2015-06-23 4 views
0

У меня есть dataframe с названиями компаний. Я хочу рассчитать оценку для каждого имени, исходя из того, насколько распространены слова в названии.Векторизация списка в pandas

Во-первых, я создаю словарь слов для подсчета слов.
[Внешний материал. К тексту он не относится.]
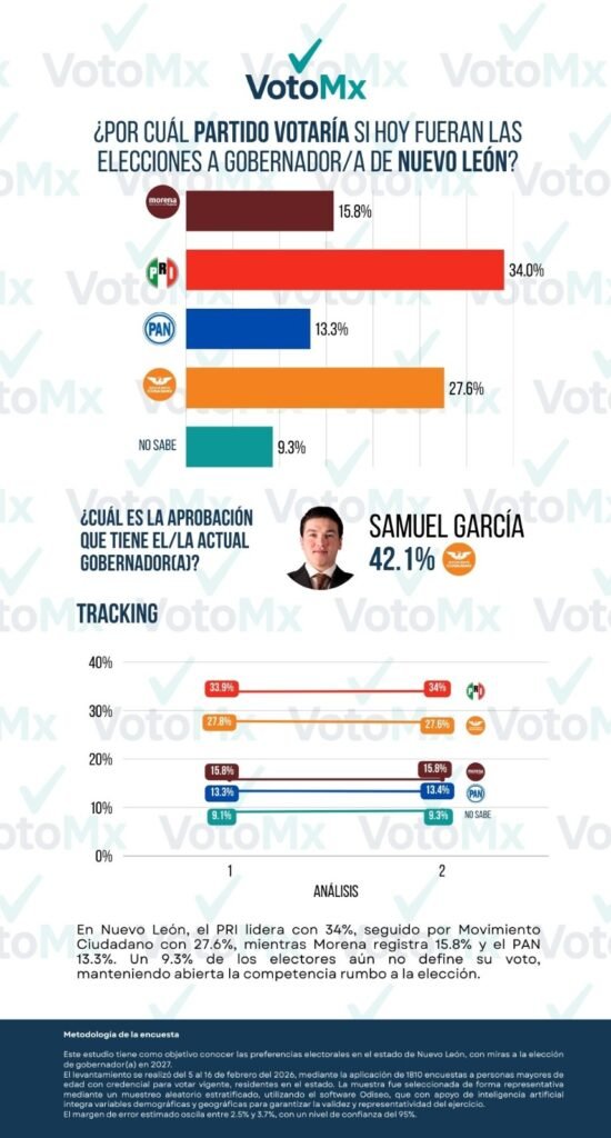 Si las elecciones para Gobernador/a de Nuevo León fueran hoy, el Partido Revolucionario Institucional (PRI) se posicionaría como el líder de la contienda con un 34.0% de la intención de voto.
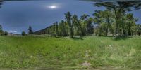 Panoramic view of a field in Crested Butte, Colorado, with lush green grass and tall trees under a cloudy sky. The natural environment showcases the diverse vegetation and evergreen forests of the highlands.
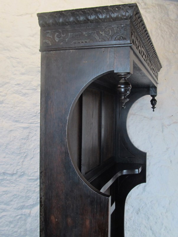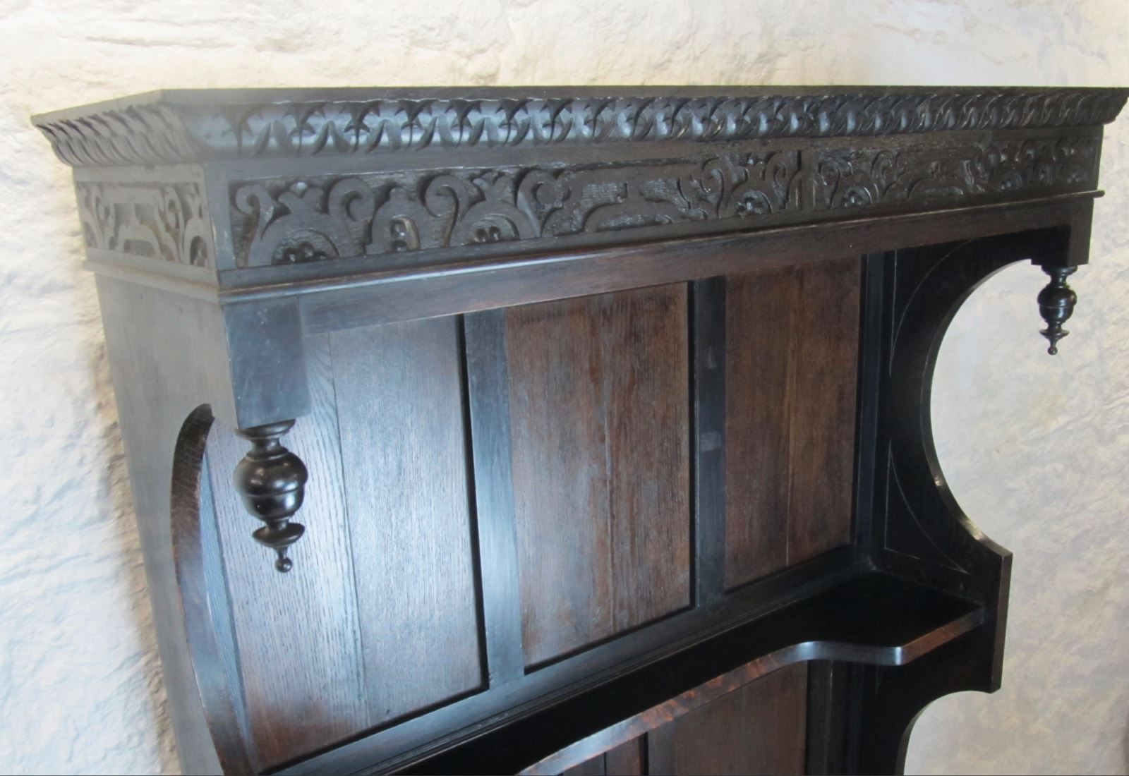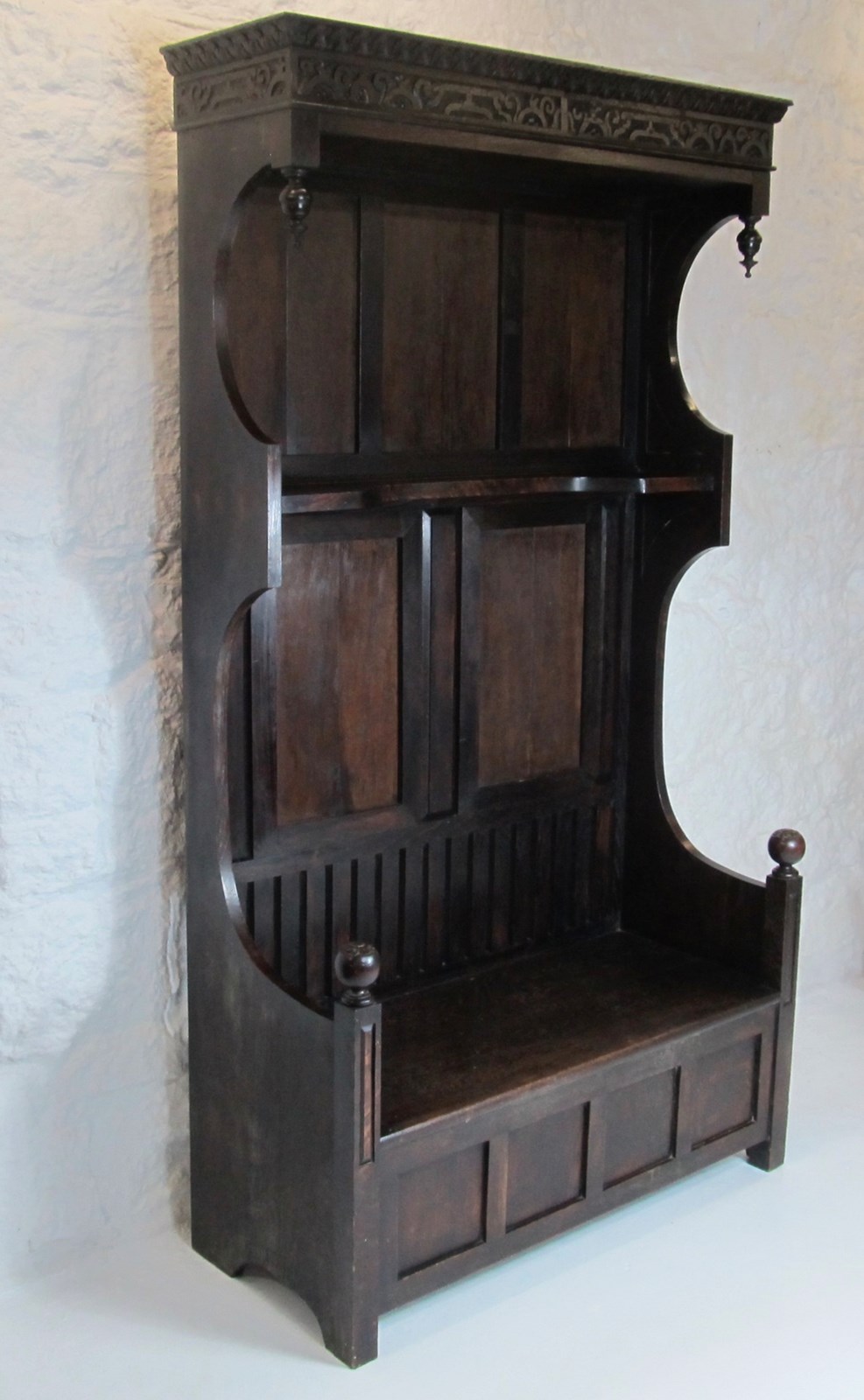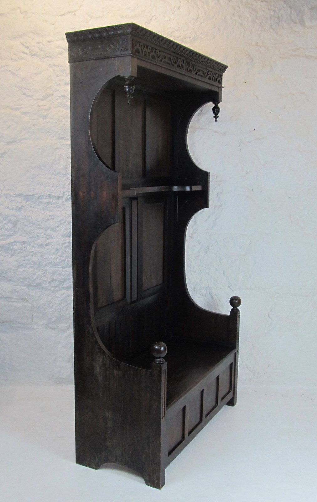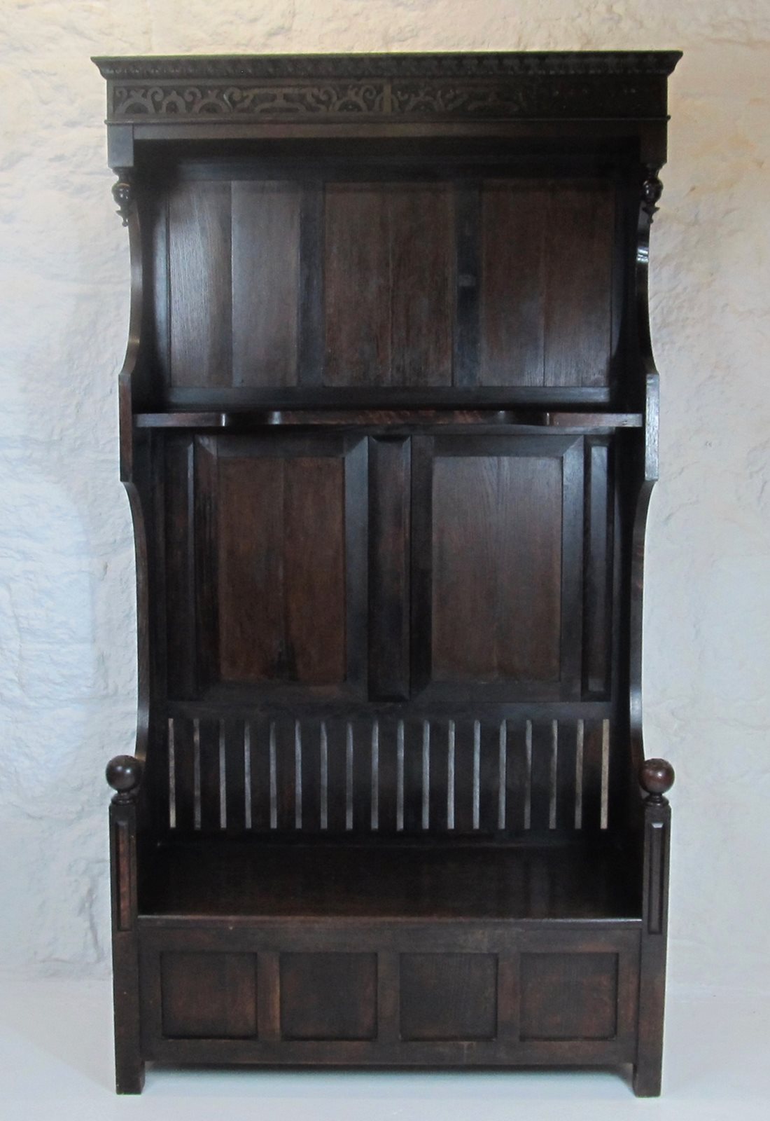 The unusual design includes an open slatted back to the seating bench, a shelf at half height, and hand-carved frieze and decorative finials at the top.

Не уверен, если это чистый способ, но следующий Векторизованный подход работает:

words = itertools.chain.from_iterable(map(list, crsp.cname.str.split())) 

Я тогда сосчитать слова:

wordcnts = defaultdict(int) 
for w in words: 
    wordcnts[w] += 1 

Теперь я хотел бы вычислить оценку для каждого названия компании, равного на сумму обратного wordcnts[word] за каждое слово, которое появляется в названии компании.

Сейчас я итерация строк и используя список понимание для вычисления суммы:

score = {} 
for idx, row in crsp.iterrows(): 
    score[idx] = sum([1/wordcnts[w] for w in row.cname.split()]) 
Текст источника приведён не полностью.